— DATASET EXTRACT —
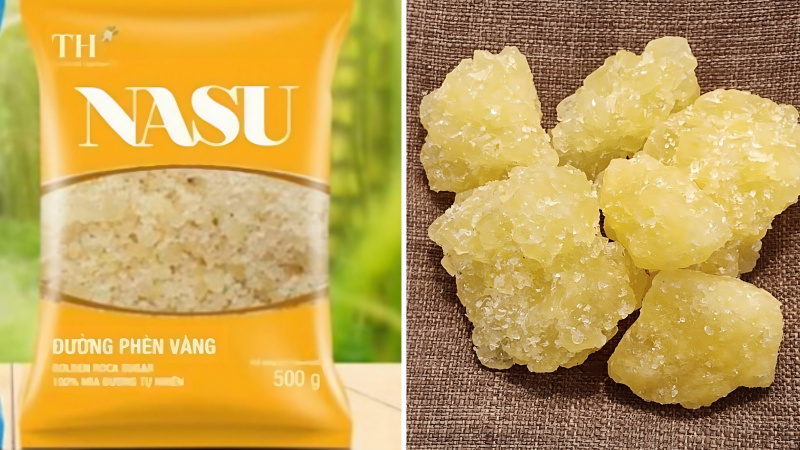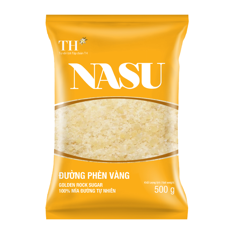 Đường phèn vàng TH Nasu cũng được sản xuất từ nguyên liệu mía tự nhiên. So với đường phèn trắng, đường phèn vàng có quy trình chế biến đơn giản hơn. Quy trình chế biến đường phèn vàng không đòi hỏi các bước xử lý hoá học phức tạp như đường phèn trắng. Điều này làm cho đường phèn vàng giữ lại được các thành phần tự nhiên và màu vàng nhạt đặc trưng, trong khi đường phèn trắng được tinh chế hoàn toàn để loại bỏ màu và các thành phần phụ khác.
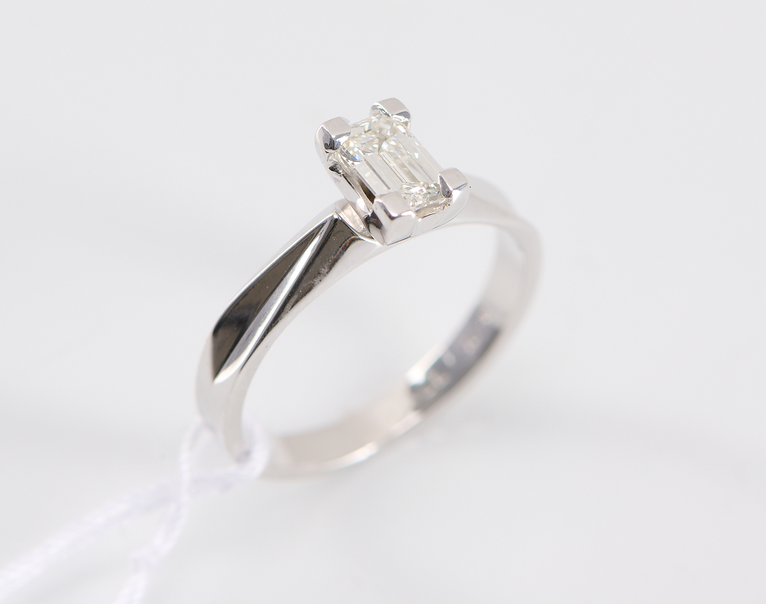 AN EMERALD CUT DIAMOND RING IN 18CT WHITE GOLD, THE DIAMOND TOTALLING APPOXIMATELY 0.50CTS, RING SIZE K/L, 3.2GMS
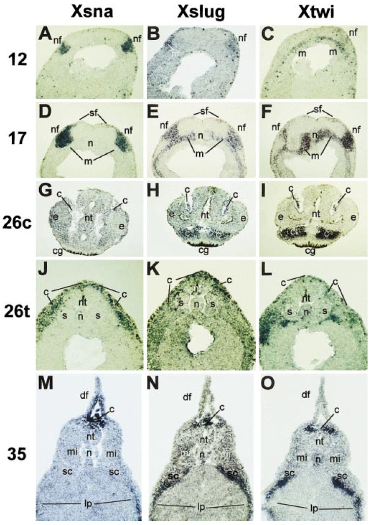 FIG. 2. In situ hybridization in serial sections for Xsnail, Xslug, and

— YOUR ASSIGNMENT —
Please output every line of the listing as it stands, and omit its images.

— WRITTEN RESPONSE —
 Đường phèn vàng TH Nasu cũng được sản xuất từ nguyên liệu mía tự nhiên. So với đường phèn trắng, đường phèn vàng có quy trình chế biến đơn giản hơn. Quy trình chế biến đường phèn vàng không đòi hỏi các bước xử lý hoá học phức tạp như đường phèn trắng. Điều này làm cho đường phèn vàng giữ lại được các thành phần tự nhiên và màu vàng nhạt đặc trưng, trong khi đường phèn trắng được tinh chế hoàn toàn để loại bỏ màu và các thành phần phụ khác.
 AN EMERALD CUT DIAMOND RING IN 18CT WHITE GOLD, THE DIAMOND TOTALLING APPOXIMATELY 0.50CTS, RING SIZE K/L, 3.2GMS
 FIG. 2. In situ hybridization in serial sections for Xsnail, Xslug, and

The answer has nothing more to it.